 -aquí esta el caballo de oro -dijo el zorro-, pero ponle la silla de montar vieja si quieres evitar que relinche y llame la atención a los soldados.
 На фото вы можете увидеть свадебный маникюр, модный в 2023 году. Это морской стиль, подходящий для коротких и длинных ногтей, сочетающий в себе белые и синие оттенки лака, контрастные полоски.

--

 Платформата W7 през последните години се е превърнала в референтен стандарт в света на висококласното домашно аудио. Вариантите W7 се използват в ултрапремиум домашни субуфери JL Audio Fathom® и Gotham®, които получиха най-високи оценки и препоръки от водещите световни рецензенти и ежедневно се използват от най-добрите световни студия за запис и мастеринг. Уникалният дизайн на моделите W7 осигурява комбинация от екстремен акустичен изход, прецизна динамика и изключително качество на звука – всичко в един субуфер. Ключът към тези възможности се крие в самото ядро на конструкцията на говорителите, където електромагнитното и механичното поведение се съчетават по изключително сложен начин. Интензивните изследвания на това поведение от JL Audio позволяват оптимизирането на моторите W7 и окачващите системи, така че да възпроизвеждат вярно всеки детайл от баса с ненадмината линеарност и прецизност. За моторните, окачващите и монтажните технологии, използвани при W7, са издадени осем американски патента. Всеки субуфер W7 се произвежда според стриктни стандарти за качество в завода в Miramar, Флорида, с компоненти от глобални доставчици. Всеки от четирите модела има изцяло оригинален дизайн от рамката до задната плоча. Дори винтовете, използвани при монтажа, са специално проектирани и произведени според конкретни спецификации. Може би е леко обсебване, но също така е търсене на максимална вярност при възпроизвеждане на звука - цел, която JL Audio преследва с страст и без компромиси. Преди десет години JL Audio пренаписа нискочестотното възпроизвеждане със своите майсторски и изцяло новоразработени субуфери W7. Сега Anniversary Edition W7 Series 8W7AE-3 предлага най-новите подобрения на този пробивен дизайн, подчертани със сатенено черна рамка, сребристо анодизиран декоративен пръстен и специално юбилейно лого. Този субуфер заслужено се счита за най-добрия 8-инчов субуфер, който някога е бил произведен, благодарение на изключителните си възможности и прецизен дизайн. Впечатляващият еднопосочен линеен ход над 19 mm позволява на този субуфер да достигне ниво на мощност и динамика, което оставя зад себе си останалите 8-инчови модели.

(EXERCISE INSTRUCTIONS) Referring to the material above, set down exactly the lines between the line with "-aquí esta el" and the line with "На фото вы можете", inclusive, and no other lines.

(ANSWER TO THE EXERCISE)
 -aquí esta el caballo de oro -dijo el zorro-, pero ponle la silla de montar vieja si quieres evitar que relinche y llame la atención a los soldados.
 На фото вы можете увидеть свадебный маникюр, модный в 2023 году. Это морской стиль, подходящий для коротких и длинных ногтей, сочетающий в себе белые и синие оттенки лака, контрастные полоски.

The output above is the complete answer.